1977年：Rabin和Miller提出素数测试的随机化算法
1980年：Karp提出随机化归约
1987年：随机化快速排序成为标准
2006年：Coulom提出蒙特卡洛树搜索（MCTS）
2016年：AlphaGo使用MCTS击败围棋世界冠军

0.3 随机算法的分类

随机算法
├── Las Vegas
│   └── 保证正确，结果确定
│   └── 运行时间随机
│   └── 例如：快速排序（随机化版本）
│
└── Monte Carlo
    ├── 运行时间确定
    ├── 结果可能小概率错误
    ├── 可以通过多次运行提高正确率
    └── 例如：Miller-Rabin素数测试

1. Las Vegas算法：永远正确，只是慢一点

1.1 什么是Las Vegas算法？

Las Vegas算法的特点是：保证得到正确答案，但运行时间是随机的。

这听起来有点矛盾——如果总是正确，那”随机”体现在哪里？

关键在于：算法可能在某些随机选择上”运气不好”，需要重新尝试。但每次尝试都保证是正确的，只是可能要多试几次。

1.2 随机化快速排序

快速排序的随机化版本是一个经典的Las Vegas算法。

为什么需要随机化？

标准的快速排序如果每次选的枢轴恰好是最大或最小值，就会退化为O(n²)。但如果输入是”精心设计”的对抗数据，确定性算法可能被卡住。

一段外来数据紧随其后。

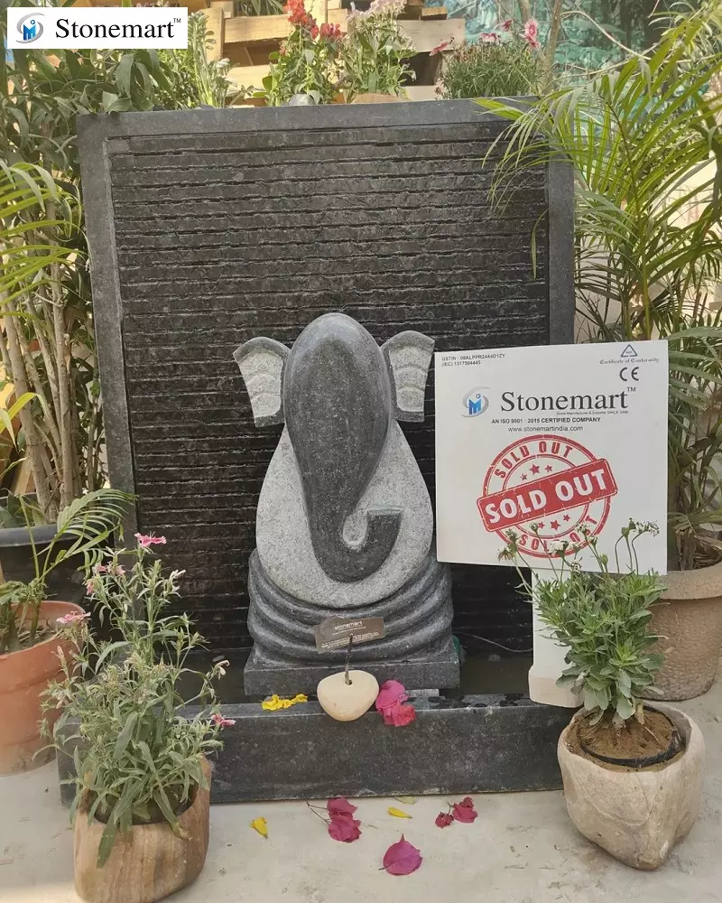 39 Inch Serene Granite Ganesha Fountain for home, garden, resort, farmhouse, villa, hospital, office reception, real estate society, rehabilitation centre, resort and cafe from Stonemart™
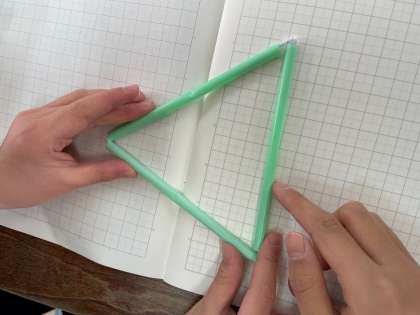 3年生は算数科の時間にストローとモールを使って三角形を作りました。辺の長さに注目すると3つの仲間分けができましたね!復習しておこう!!!

随机化快速排序的思想是：随机选择枢轴。这样即使有人想”攻击”你的算法，也很难预测你的随机选择。

import random
from typing import List
 
def randomized_quicksort(arr: List[int]) -> List[int]:
    """随机化快速排序（Las Vegas：总是返回正确结果）"""
    if len(arr) <= 1:
        return arr
    
    # 随机选择枢轴
    pivot_idx = random.randint(0, len(arr) - 1)
    pivot = arr[pivot_idx]
    
    # 分区
    left = [x for x in arr if x < pivot]
    middle = [x for x in arr if x == pivot]
    right = [x for x in arr if x > pivot]
    
    # 递归排序
    return randomized_quicksort(left) + middle + randomized_quicksort(right)
 
 
def deterministic_quicksort(arr: List[int]) -> List[int]:
    """确定性快速排序（用第一个元素作为枢轴）"""
    if len(arr) <= 1:
        return arr
    
    pivot = arr[0]
    left = [x for x in arr[1:] if x < pivot]
    right = [x for x in arr[1:] if x >= pivot]
    
    return deterministic_quicksort(left) + [pivot] + deterministic_quicksort(right)
 
 
def worst_case_input(n: int) -> List[int]:
    """生成最坏情况输入（已排序数组）"""
    return list(range(n))
 
 
def test_quicksort():
    """测试随机化vs确定性快速排序"""
    import time
    
    print("=" * 60)
    print("随机化快速排序 vs 确定性快速排序")
    print("=" * 60)
    
    sizes = [1000, 5000, 10000]
    
    for n in sizes:
        # 正常情况
        arr = [random.randint(0, 10000) for _ in range(n)]
        
        start = time.time()
        randomized_quicksort(arr.copy())
        rand_time = time.time() - start
        
        start = time.time()
        deterministic_quicksort(arr.copy())
        det_time = time.time() - start
        
        print(f"\nn={n}（随机输入）:")
        print(f"  随机化快排: {rand_time*1000:.2f}ms")
        print(f"  确定性快排: {det_time*1000:.2f}ms")
        
        # 最坏情况
        worst = worst_case_input(n)
        
        start = time.time()
        randomized_quicksort(worst.copy())
        rand_time = time.time() - start
        
        # 确定性快排在最坏情况下非常慢
        print(f"\nn={n}（已排序输入，最坏情况）:")
        print(f"  随机化快排: {rand_time*1000:.2f}ms")
        print(f"  确定性快排: ⚠️ 非常慢（O(n²)）")
 
 
if __name__ == "__main__":
    test_quicksort()

1.3 随机化选择算法

问题：在数组中找出第k小的元素。

确定性算法：用BFPRT（Median of Medians）可以达到O(n)，但常数很大。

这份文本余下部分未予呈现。